Perhaps this is bleedingly obvious to those with some familiarity with physics but I wanted to check if I have something right.
Say I want a car to go at 25mph and going at 25mph requires 1 unit of work.
If I want the car to go at 50mph, I will need 4 units of work, correct?
If I want the car to go at 100mph, I will need 16 units of work, still correct?
Does this not imply then that the marginal cost of velocity from 25mph to 50mph has been 3 additional units of work? This means that while the first 25mph cost 1 unit of work, the second 25mph cost 3 which is to say that the marginal cost goes up at the square of 1.73?
Say I wanted to know exactly how much additioanl work is required to go from 25mph to 26mph or from 25mph to 30mph, what would be the formula that would tell me the marginal cost of the velocity increase?
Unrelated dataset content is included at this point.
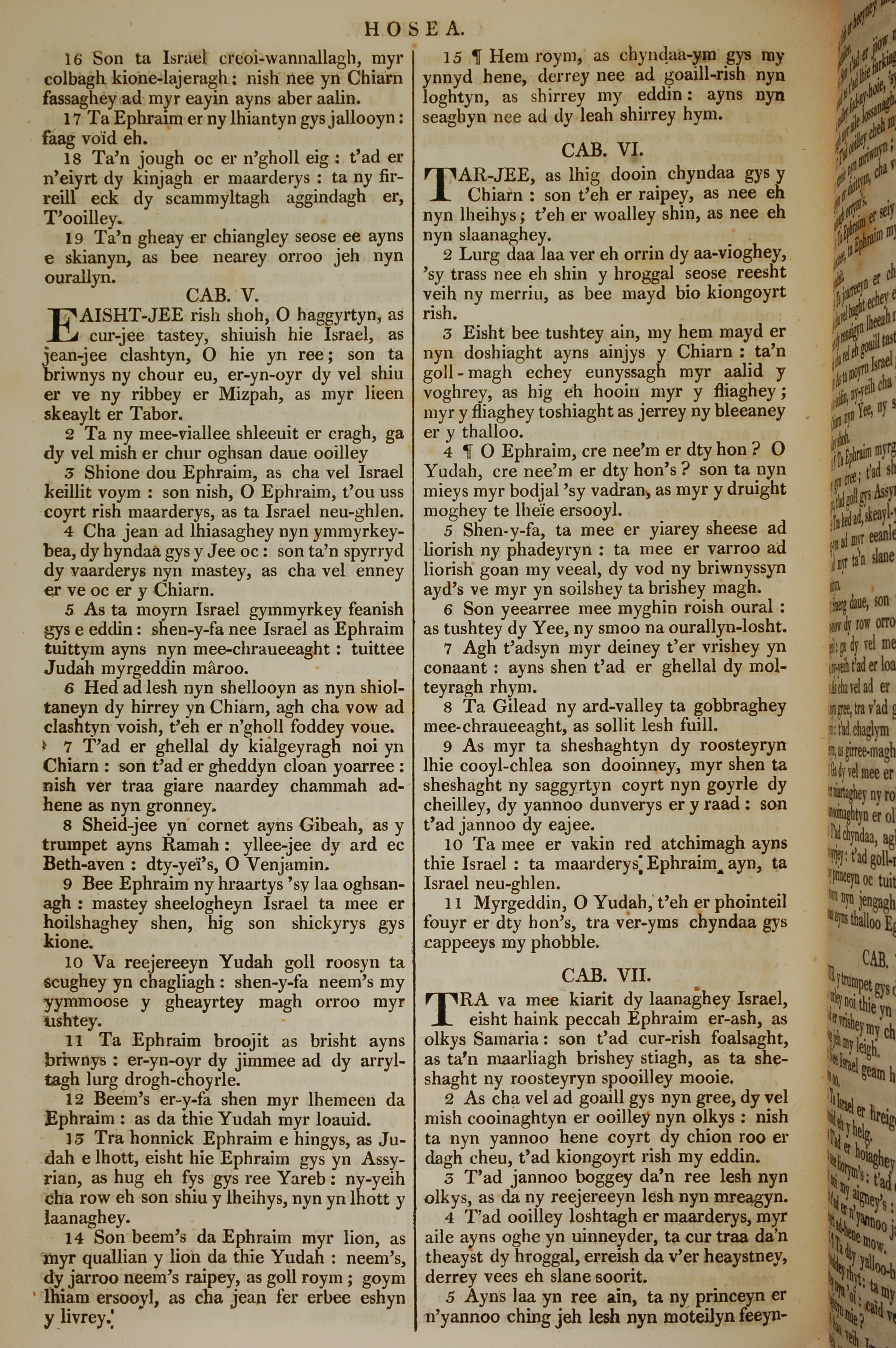 1819年曼島語聖經 何西阿書 4 章 16 節到 7 章 5 節

Assuming you’re speaking only in terms of ideal physics without resistance the energy (or work, same difference) required to reach a certain velocity from zero goes up with the square of the velocity. Choosing appropriate units E=1/2 m v^2
To get the marginal cost of velocity increase you derive that:
marginal cost of velocity increase = mv
So the marginal cost of velocity increase is proportional to the velocity.
m’s a constant so I’ll ignore that (or pretend the mass is 1 and my units “special”)
v = 100, E = 5000
v = 101, E = 5100.5
increase 100.5
v = 102, E = 5202
increase 101.5
v = 103, E = 5304.5
increase 102.5
v = 1000, E = 500 000
v = 1001, E = 501 000.5
increase 1000.5
v = 1002, E = 502 002
increase 1001.5
The marginal cost of velocity increase doesn’t tell you exactly how much additional work is required to go from 25-26 though, and definitely not from 25 - 30. It’s an approximation, and with the increase being 4% (or worse, 20%) of the current velocity, not that good a one. For the exact answer you have to do what you did initially. Calculate the energy at each velocity and subtract.
This is what calculus was invented for. As stated above, the kinetic energy is (mv^2)/2. The rate of change of energy with respect to velocity (the “marginal cost of velocity” in the OP’s parlance) is just the derivative of (mv^2)/2 with respect to v, i.e. mv, as shown by naita.
As noted, this ignores all other forces. In reality, friction and drag would be significant factors, becoming more significant the higher the speed. And drag scales like the square of the speed.